I think it is too short, but he was kinda long/overgrown prior.


----------



## Pepper

I think it looks good, but do agree, they could have left it a little longer.

Just tell them the next time.


----------



## Graco22

Well, if the shortest spots were close to an inch, then the groomer has to go to that length to get it even, and has to do that all over, or it won't be even all over. Unfortunately, we only have attachments in certain lengths, which is why it may be closer to .75 inches..but really, thats only a quarter inch difference, and he will grow that much in a month or less. 

I do think that its hard for a new owner to understand what their dog is going to look like after that first cut, and it can be a shock.

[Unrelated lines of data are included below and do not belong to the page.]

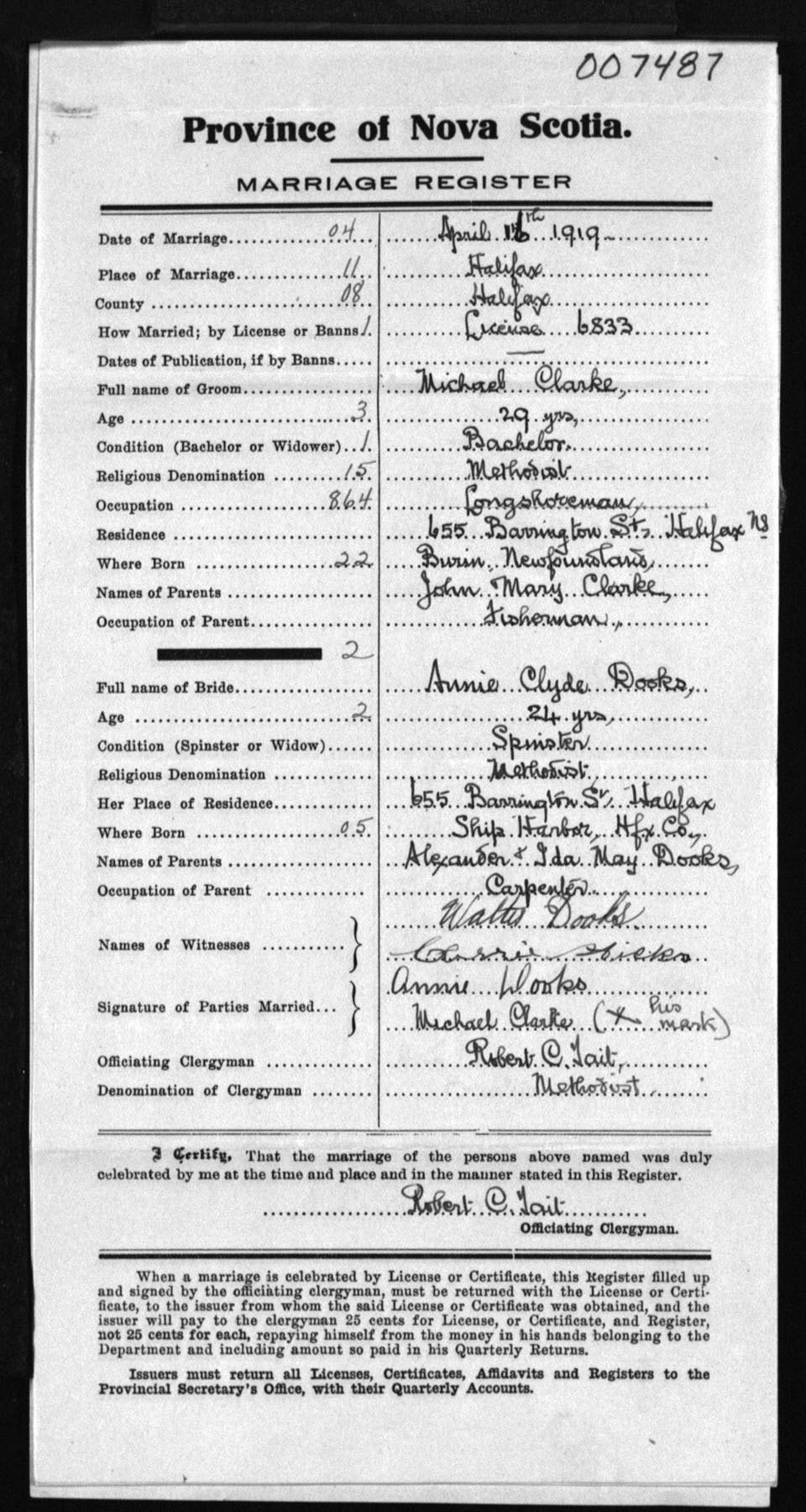 Registration: Year: 1919 number: 7487
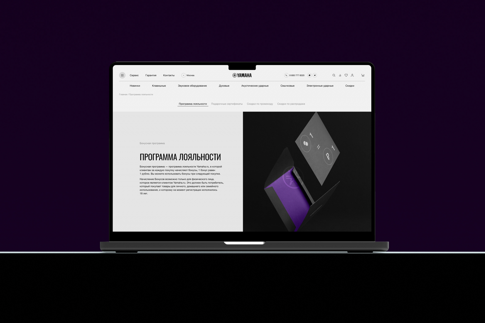 Нашим проектом стал интернет-магазин Yamaha (digital-магазин музыкальных инструментов) с задачей не просто продать, а отразить дух бренда и музыкальную культуру. Так как Yamaha – известный и узнаваемый международный бренд, для нас было важно сохранить его фирменный визуальный язык: цвета, типографику, характер подачи. При этом мы внесли совремённый, более «живой» и динамичный дух, чтобы сайт ощущался актуальным, лёгким и вдохновляющим, но оставался в рамках бренд-гайдов.
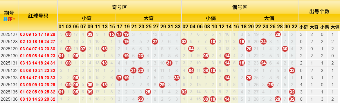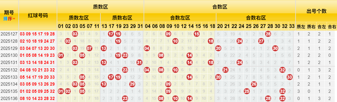 上期红球质合比为1:5,合数热度达到顶峰。近10期质合比为17:43,合数长期过热。物极必反,本期质数号码回补信号强烈,预测质合比将转向 3:3。
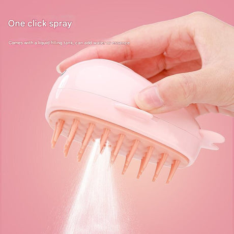2 PCS Pink Cat Paw Electric Pet Brush | One-Click Spray, Massage, & Hair Removal
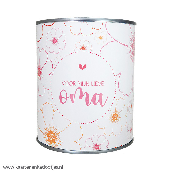 Dit kadoblik is een superleuk en origineel kado voor oma’s. Je kunt het blik zelf vullen met chocola, snoep, knutselwerkje en/of een klein kadootje.
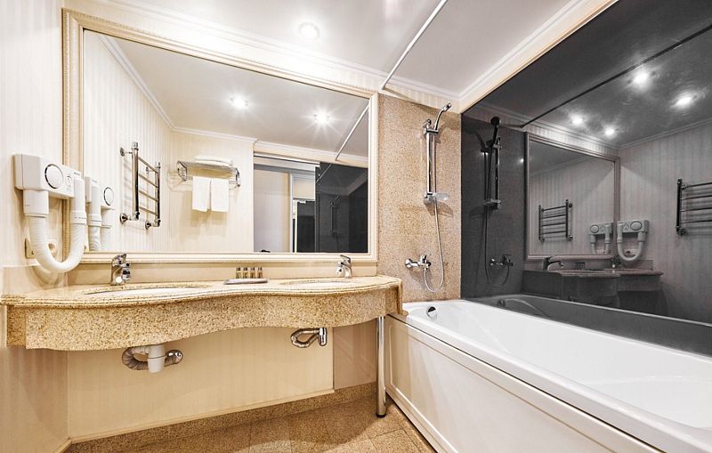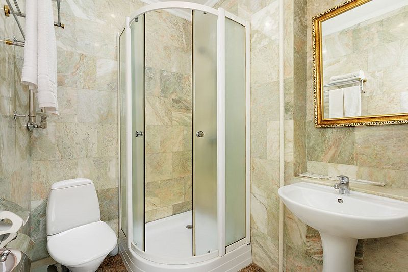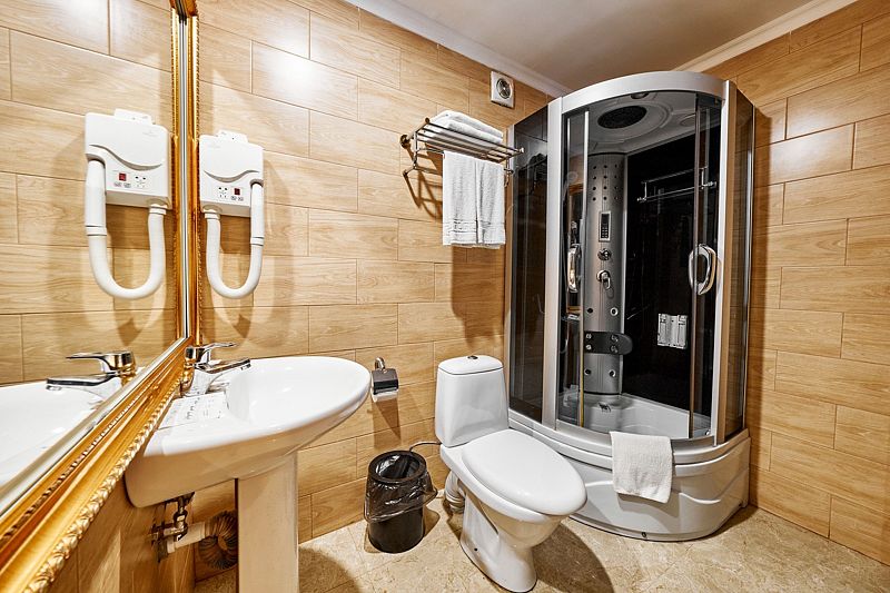 Ванная комната оснащена душевой кабиной. Гостям предоставляются туалетные принадлежности, тапочки и фен, а так же халат (по запросу).
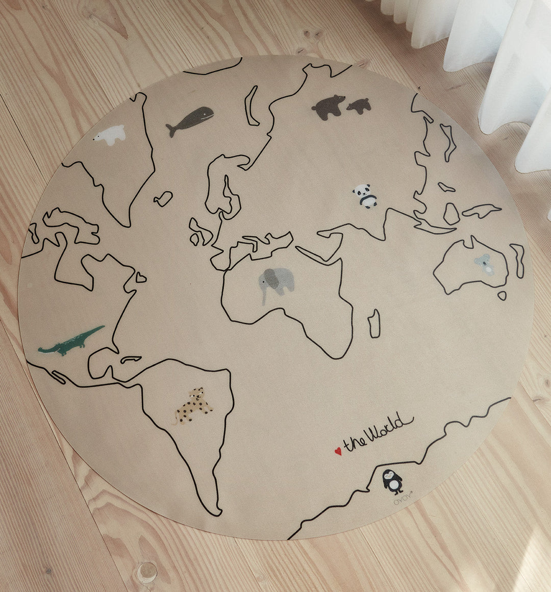 Avoid messy meals on the floor with The World Chair Mat. The chair mat is made of vinyl, which is a durable material that is easy and quick to clean. The mat has a non-slip underside.
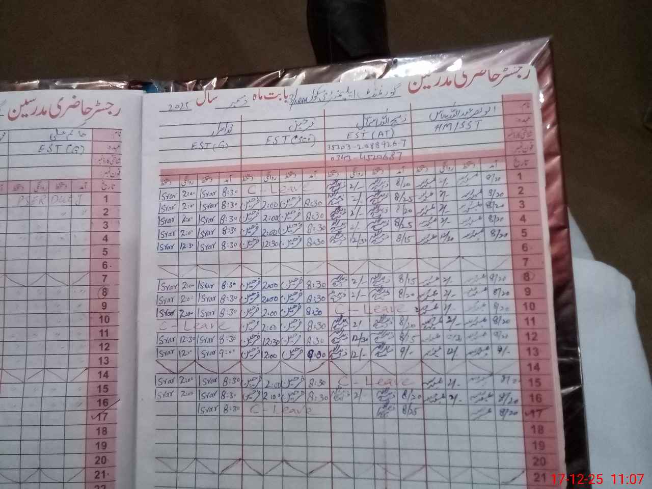 | CNIC | Full Name | Designation | R/C | Absence During Last Calender Month |
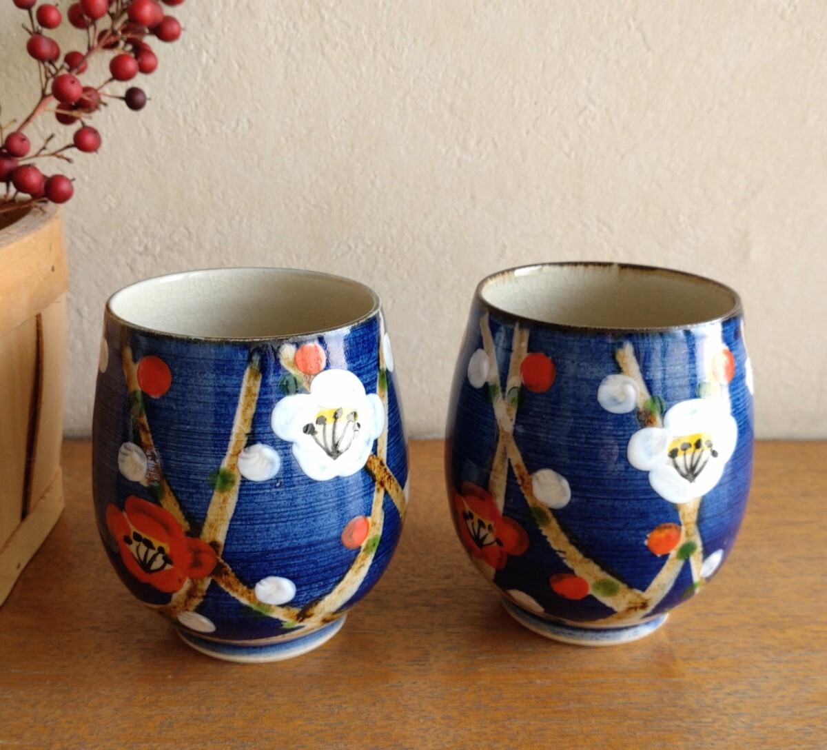 - 紅白梅 湯飲み 2客セット ペア 湯呑み
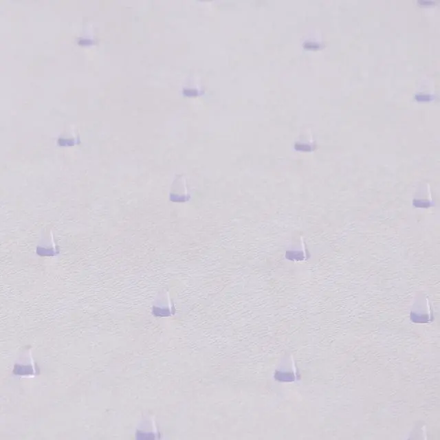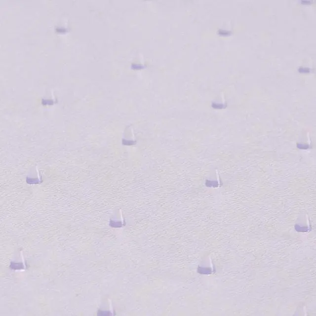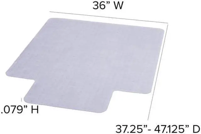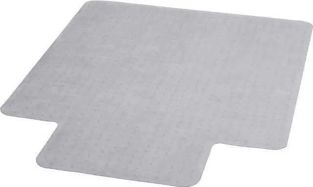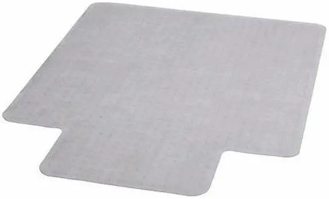 Move around easily in your carpeted workspace with this clear vinyl, commercial grade chair mat that will prevent carpet wear caused by chair casters. It features a scuff and slip resistant top surface for durability and safety. The underside has a gripper back to firmly anchor the chair mat on low pile carpet, protecting your carpet from spills and damage. The mat includes a protruding lip to protect the carpet under the desk and allow the chair to roll even when it's all the way under the desk.
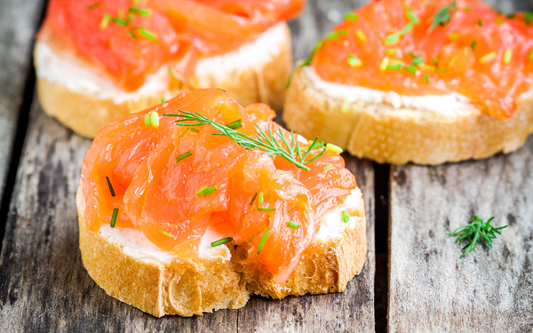 С рыбой. 80 г филе слабосоленой семги без костей пропустите через мясорубку или измельчите в блендере. Разотрите рыбную массу со сливочным маслом (100 г) и рубленной зеленью (2 ст. л.). Намазываем на порционные кусочки нарезанного хлеба и подаем охлажденными.

Luckily, its only hair, and it will grow back before you know it. And next time you take him in, you will have a better idea of what to expect, and can ask for a longer trim. 

I understand what you are saying about looking like a cat. Its the body style then..the skinny/sleek look, not so much the face, etc. Thank you for clearing that up for me. I personally dont see that in him, but I get what you are saying about him looking much skinnier/shorter haired. 

I hope you can find a doggy daycare that is within your budget. They are SO nice because your pup gets to play and socialize and then comes home all worn out. Even if its once a week, it will still benefit him. But yes, neuter first..that will help him come out of the skinny/gangly stage too.


----------



## Love's_Sophie

Pepper said:


> I think it looks good, but do agree, they could have left it a little longer.
> 
> Just tell them the next time.



I think if we had been there, and felt and tried different snap ons on the dog to find the proper length, we might actually be able to say that it was done too short. If there were spots that were about an inch long, then certainly, to prevent 'holes' or a really funky appreance, the groomer would have had to clip him a bit shorter than the owner might have expected. 

To the OP...next time, take him in to get groomed BEFORE deciding to take your own scissors after him...that way the groomers have all the hair they need to work with, in order to keep him long.


----------



## Mom2Sadie

Here's my guy "after".


----------



## Graco22

Very cute. Really nice groom on him too!


----------



## DJsMom

Oh, I think Hershey looks GREAT! He is just adorable, I really love the color & the groom!

Your guy is adorable too Mom2Sadie!


----------